Robert scratched his red hair. "Well," he said, "don't try to think about it so much... it's like riding a capercailzie, you fall off when you start pondering what you're doing. Just... g-glide..."
A sudden flinch made Cinnabar turn towards the stage again. One of the acrobats, garbed in bulgy sailor's trousers with a rope tied around her waist and a pad over one of her eyes, was walking on her hands on top of the yardarm, while juggling strawberries with her feet. She held on to a wooden knife with her teeth. It was first after a few moments that Cinnabar recognised that it was Becka Sommer, creating an immediate nausea. She smiled and raised one hand to greet the cheering masses.
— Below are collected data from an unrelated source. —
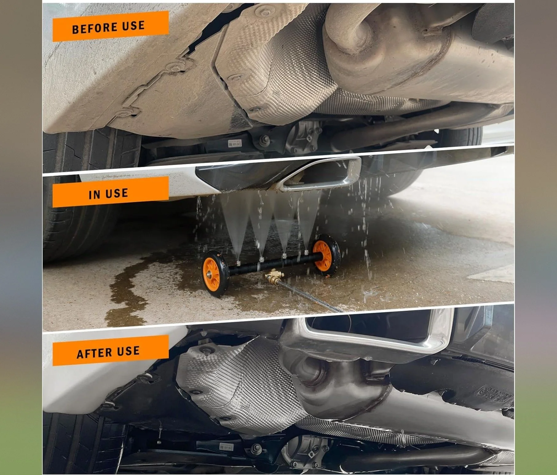 The undercarriage is often the dirtiest part, as it collects dirt,debris, grease, salt, mud and other contaminants from the road. Using water broom helps dislodge any accumulated on the undercarriage .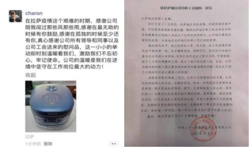 國(guó)慶期間,中鐵二十一局四公司拉薩地區(qū)被封控的職工依然駐守在疫情防控和施工生產(chǎn)第一線,舍小家、為大家,他們無法兼顧家庭,陪伴親人,用實(shí)際行動(dòng)踐行著對(duì)企業(yè)的初心和使命,而后方的家人始終顧全大局、默默堅(jiān)守,不斷地給予他們溫暖和關(guān)懷,大家齊心協(xié)力,共同為該公司筑起疫情防控的堅(jiān)固防線。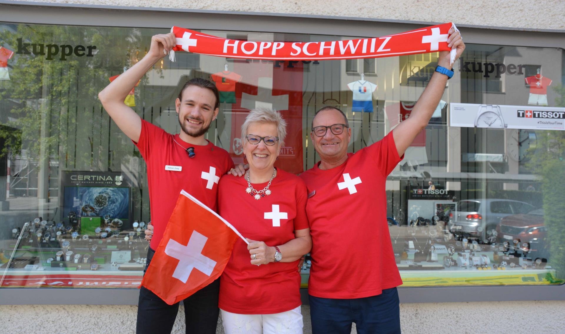 Die Schweiz spielt am Freitagabend um 20 Uhr gegen Serbien. Den ganzen Tag fiebert Elfi und Roland Kupper mit Mitarbeiter Adrian Lang von Kupper Uhren Bijouterie mit. Während der Arbeit tragen sie stolz die Fan-Shirts dieser Zeitung, was auch den Kunden gefällt. Super Kupper, können wir da nur sagen und drücken der Schweizer Nati ganz fest die Daumen.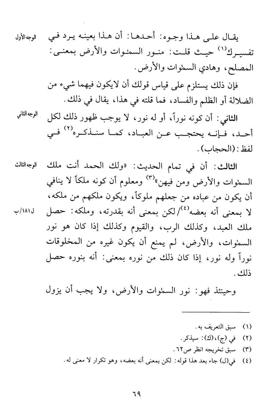 يقال على هذا وجوه أحدها أن هذا بعينه يرد في تفسيرك حيث قلت منور السموات والأرض بمعنى المصلح وهادي السموات والأرض فإن ذلك يستلزم على قياس قولك ألا يكون فيهما شيء من الضلالة أو الظلم والفساد فما قلته في هذا يقال في ذلك الثاني أن كونه نوراً أو له نور لا يوجب ظهور ذلك لكل أحد فإنه يحتجب عن العباد كما سنذكره في لفظ الحجاب الثالث أن في تمام الحديث ولك الحمد أنت ملك السموات والأرض ومن فيهن ومعلوم أن كونه ملكاً لا ينافي أن يكون من عباده من جعلهم ملوكاً ويكون ملكهم من ملكه لا بمعنى انه بعضه لكن بمعنى أنه بقدرته وملكه حصل ملك العبد وكذلك الرب والقيوم وكذلك إذا كان هو نور السموات والأرض لم يمنع أن يكون غيره من المخلوقات نوراً وله نور إذا كان ذلك من نوره بمعنى أنه بنوره حصل ذلك وحينئذ فهو نور السموات والأرض ولا يجب أن يزول

He did not know whether it was the sight of her that stirred his bowels, but he suddenly realised he had to make a foray to the loo. Excusing himself, he left the table and scurried towards the entrance, where he found the bathrooms - secluded stalls separated by curtains, sawn holes in the woodwork, clay pipes stuck down into the rlangen waters. After having relieved himself and moved out, he moved out into the cloudy evening, the red tint of the Sun visible beneath the clouds in the far-away western mountains. He sighed, seeping in the clear air of the lake, with only the tiniest taint of beer. Feeling tired, he moved towards the rails, looking down the dark waters of the lake.
A sudden creaking sound attracted his attention to his left side. Moving around, leaning against the wooden rail, he laid his eyes on a familiar sight, the butterfly-like Creaker beetle hovering above him.
"So..," he mumbled, "this is how it's like to be drunk? What you say, should I join Robbie for some more drinking now or wait till I've sobered up some more?"
Crik crik, the shining insect muttered.
Cinnabar moved his arms around his back, clasped his fingers together and started to move alongside the pier. There were couples holding hands or making out, respectable citizens taking their evening walks, and drunkards sitting on benches together and sipping on canisters filled with alcoholic liquids. Glennenmór, he thought, at the brink of ruin.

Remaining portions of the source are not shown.